=== Section Start ===

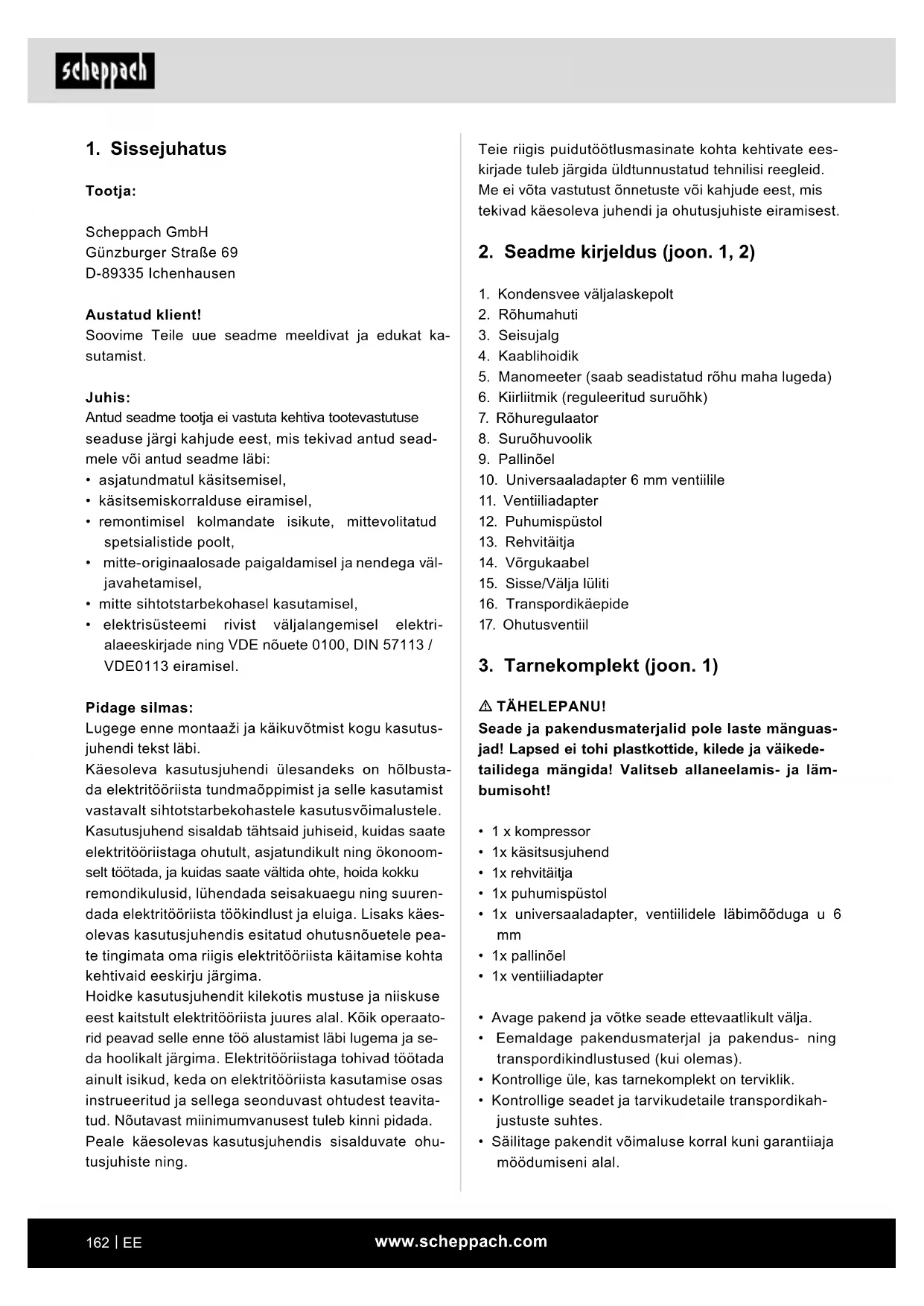 Tootja: Scheppach GmbH Günzburger Straße 69 D-89335 Ichenhausen Austatud klient! Soovime Teile uue seadme meeldivat ja edukat ka- sutamist. Juhis: Antud seadme tootja ei vastuta kehtiva tootevastutuse seaduse järgi kahjude eest, mis tekivad antud sead- mele või antud seadme läbi:
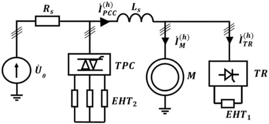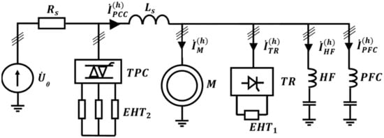 The previous scheme (Figure 1) does not take into account the influence of the harmonic currents of the first consumer on the consumed current of the second one and vice versa. Since real consumers cannot be divided exclusively into sources or consumers of harmonics, the following equivalent circuit (Figure 3) is considered. Electric power consumers are represented by both the current sources and the linear loads to show their generation and consumption of harmonic currents.
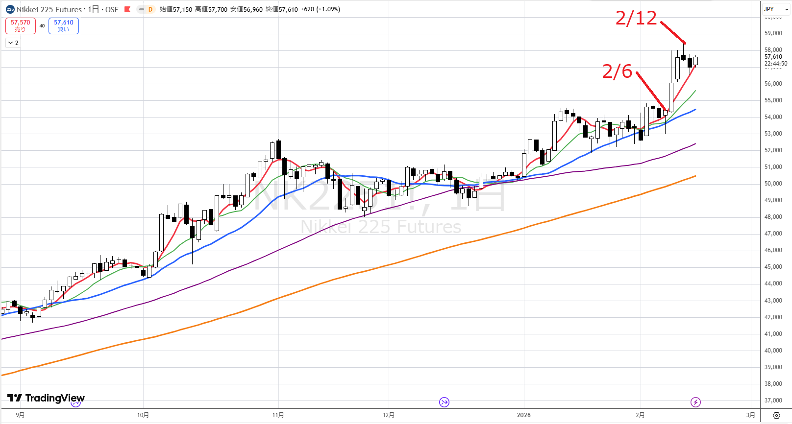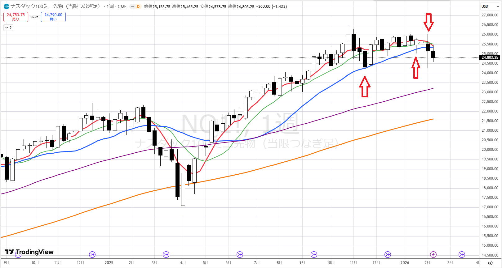 ただし、オレンジの100週線や紫の50週線まで下げることは、普通は考えられません。
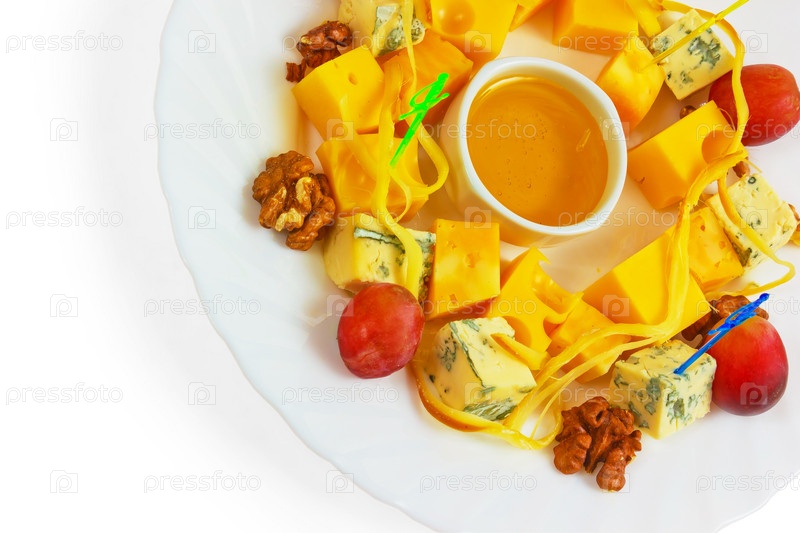 Сыр, виноград и орехи на белом фоне
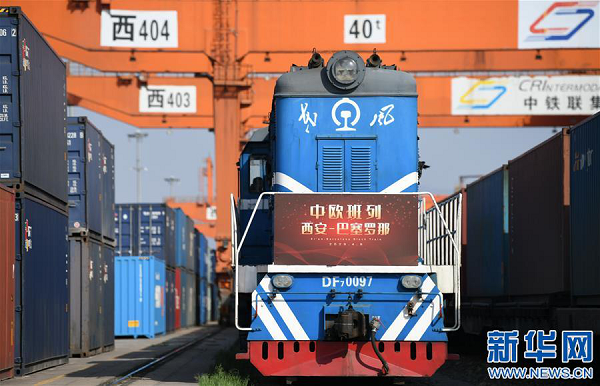 Loaded with 50 containers of solar panels, a China-Europe freight train departed from Xi'an Xinzhu Railway Station in Xi'an, capital of Northwest China's Shaanxi province on April 9, heading for Barcelona, the second largest city in Spain.
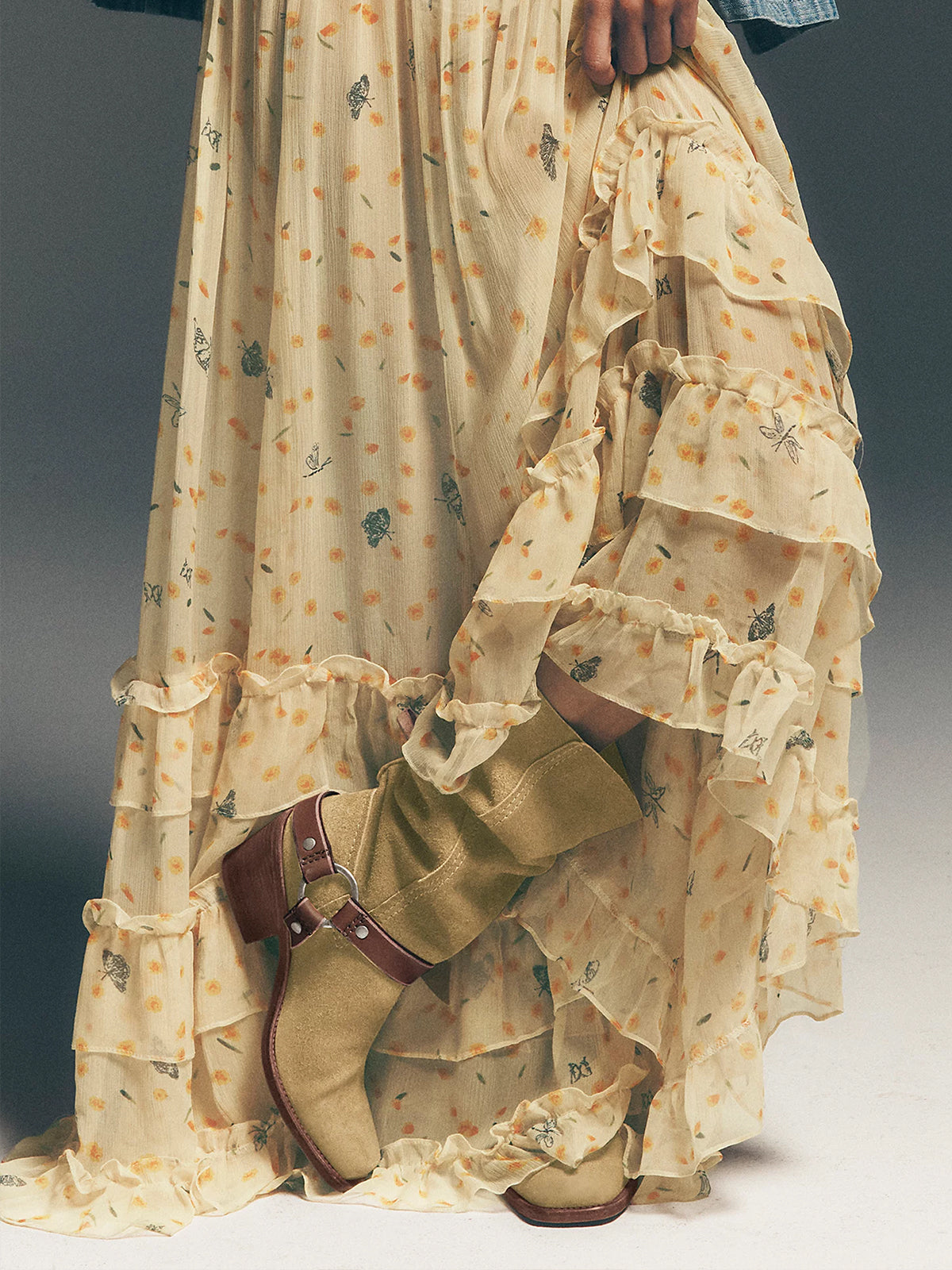 The boots feature a square-toe design, vegan leather material, and spur-inspired buckle details. With a mid-calf length, they are perfect for a cowgirl boot style. Ideal for those who love Western or country-inspired outfits.

=== Section End ===

-- TASK TO CARRY OUT --
None of the pictures belong in the copy; repeat all other material exactly.

-- ANSWER TO THE PROBLEM --
 Tootja: Scheppach GmbH Günzburger Straße 69 D-89335 Ichenhausen Austatud klient! Soovime Teile uue seadme meeldivat ja edukat ka- sutamist. Juhis: Antud seadme tootja ei vastuta kehtiva tootevastutuse seaduse järgi kahjude eest, mis tekivad antud sead- mele või antud seadme läbi:
 The previous scheme (Figure 1) does not take into account the influence of the harmonic currents of the first consumer on the consumed current of the second one and vice versa. Since real consumers cannot be divided exclusively into sources or consumers of harmonics, the following equivalent circuit (Figure 3) is considered. Electric power consumers are represented by both the current sources and the linear loads to show their generation and consumption of harmonic currents.
 ただし、オレンジの100週線や紫の50週線まで下げることは、普通は考えられません。
 Сыр, виноград и орехи на белом фоне
 Loaded with 50 containers of solar panels, a China-Europe freight train departed from Xi'an Xinzhu Railway Station in Xi'an, capital of Northwest China's Shaanxi province on April 9, heading for Barcelona, the second largest city in Spain.
 The boots feature a square-toe design, vegan leather material, and spur-inspired buckle details. With a mid-calf length, they are perfect for a cowgirl boot style. Ideal for those who love Western or country-inspired outfits.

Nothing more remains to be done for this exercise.